McConnell, Obama backer duel over economy

The Senate's top Republican and a spokesman for President Obama argued Sunday about how to address the 2012 campaign's top issue: Jobs.

Senate Minority Leader Mitch McConnell, R-Ky., said Obama policies such as the health care law and financial regulations are "slowing the economy down" and making it hard to create jobs.

"We've got plenty to run against," McConnell said on CNN's State of the Union. "Clearly what they're doing is not working."

Former White House press secretary Robert Gibbs, a surrogate for Obama's re-election team, said on CNN that the economy is coming back from near-collapse, "and it takes a while to dig out of that hole."

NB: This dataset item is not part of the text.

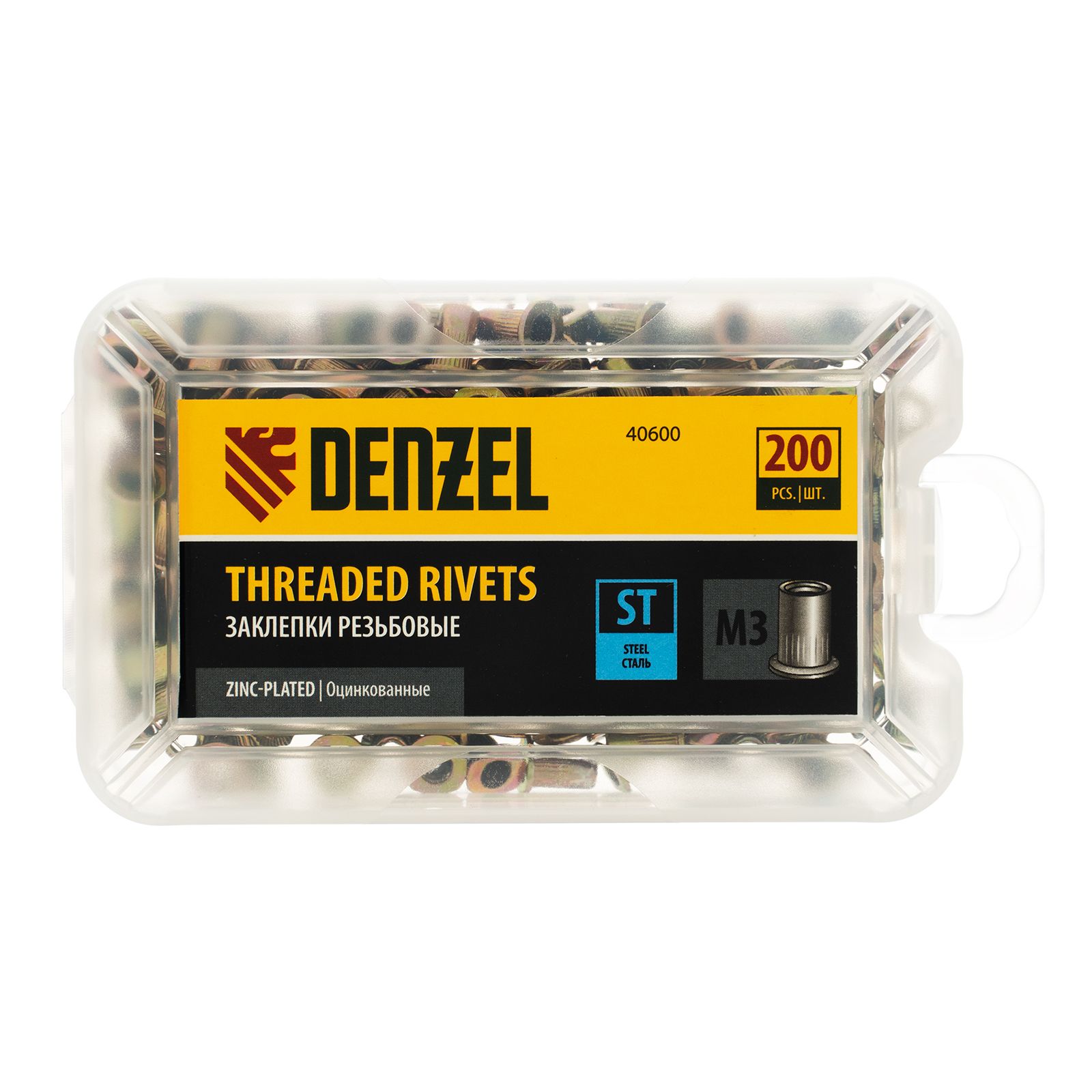 Стальные резьбовые заклепки Denzel 40600, с резьбой M3, оцинкованные, предназначены для скрепления листовых материалов толщиной 0,5-1,5 мм. Совместимы с заклепочником Denzel 40501. Позволяют получить резьбовое соединение даже при одностороннем доступе к месту крепления. Крепежные элементы используются для проведения строительных и монтажных работ, пригодятся на даче и в гараже.

Gibbs said that proposals by Republican Mitt Romney and other Republicans amount to nothing more than tax breaks for the wealthy and fewer regulations for business, the recipe tried during the George W. Bush years and found wanting.

"We tried it in eight years and it ended in this huge economic calamity," Gibbs said.

Gibbs and McConnell spoke two days after a new Labor Department report said the economy added only 80,000 new jobs in June, with the unemployment rate staying at only 8.2%.

Obama's approach is steadily working, Gibbs said, with an emphasis on such middle class concerns as education and health care.

"We've made progress," Gibbs said, "but we've got a long way to go."